The implementation of the constructor and the `push()` method is straightforward. A stack contains a list of items, and pushing an object to the stack simply appends to this list.
```{r}
new_stack <- function(items = list()) {
structure(list(items = items), class = "stack")
}
push <- function(x, y) {
x$items <- c(x$items, list(y))
x
}
```
(Note that I haven't created a real method for `push()` because making it generic would just make this example more complicated for no real benefit.)

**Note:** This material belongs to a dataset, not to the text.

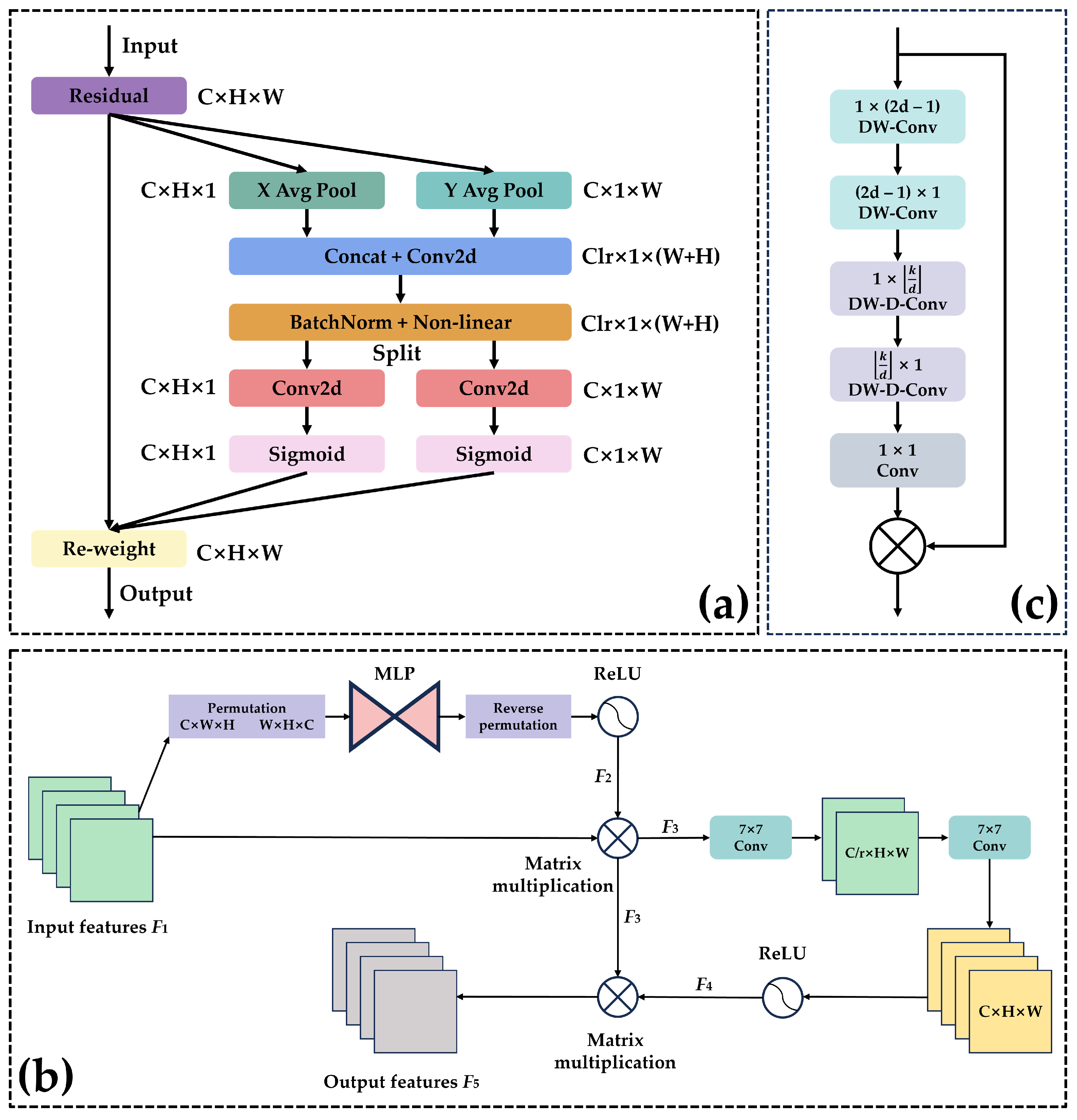 - Hou, Q.; Zhou, D.; Feng, J. Coordinate attention for efficient mobile network design. In Proceedings of the IEEE/CVF Conference on Computer Vision and Pattern Recognition, Nashville, TN, USA, 20–25 June 2021; pp. 13713–13722. [Google Scholar]

Implementing `pop()` is more challenging because it has to both return a value (the object at the top of the stack), and have a side-effect (remove that object from that top). Since we can't modify the input object in S3 we need to return two things: the value, and the updated object.
```{r}
pop <- function(x) {
n <- length(x$items)
item <- x$items[[n]]
x$items <- x$items[-n]
list(item = item, x = x)
}
```
This leads to rather awkward usage:
```{r}
s <- new_stack()
s <- push(s, 10)
s <- push(s, 20)
out <- pop(s)
out$item
s <- out$x
s
```
This problem is known as __threading state__ or __accumulator programming__, because no matter how deeply the `pop()` is called, you have to feed the modified stack object all the way back to where the stack lives.

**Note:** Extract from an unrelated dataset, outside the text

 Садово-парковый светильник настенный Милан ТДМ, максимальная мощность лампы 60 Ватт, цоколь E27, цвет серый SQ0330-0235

One way that other FP languages deal with this challenge is to provide a "multiple assign" (or destructing bind) operator that allows you to assign multiple values in a single step. The zeallot R package, by Nathan and Paul Teetor, provides multi-assign for R with `%<-%`. This makes the code more elegant, but doesn't solve the key problem:
```{r}
library(zeallot)
c(value, s) %<-% pop(s)
value
```
An R6 implementation of a stack is simpler because `$pop()` we can modify the object in place, and return only the top-most value:
```{r}
Stack <- R6::R6Class("Stack", list(
items = list(),
push = function(x) {
self$items <- c(self$items, x)
invisible(self)
},
pop = function() {
item <- self$items[[self$length()]]
self$items <- self$items[-self$length()]
item
},
length = function() {
length(self$items)
}
))
```
This leads to more natural code:
```{r}
s <- Stack$new()
s$push(10)
s$push(20)
s$pop()
```
### Method chaining {#tradeoffs-pipe}
The pipe, `%>%`, is useful because it provides an infix operator that makes it easy to compose functions from left-to-right. Interestingly, the pipe is not so important for R6 objects because they already use an infix operator: `$`. This allows the user to chain together multiple method calls in a single expression, a technique known as __method chaining__:
```{r}
s <- Stack$new()
s$
push(10)$
push(20)$
pop()
```
This technique is commonly used in other programming languages, like Python and Javascript, and is made possible with one convention: any R6 method that is primarily called for its side-effects (usually modifying the object) should return `invisible(self)`.
The primary advantage of method chaining is that you can get useful autocomplete; the primary disadvantage is that only the creator of the class can add new methods (and there's no way to use multiple dispatch).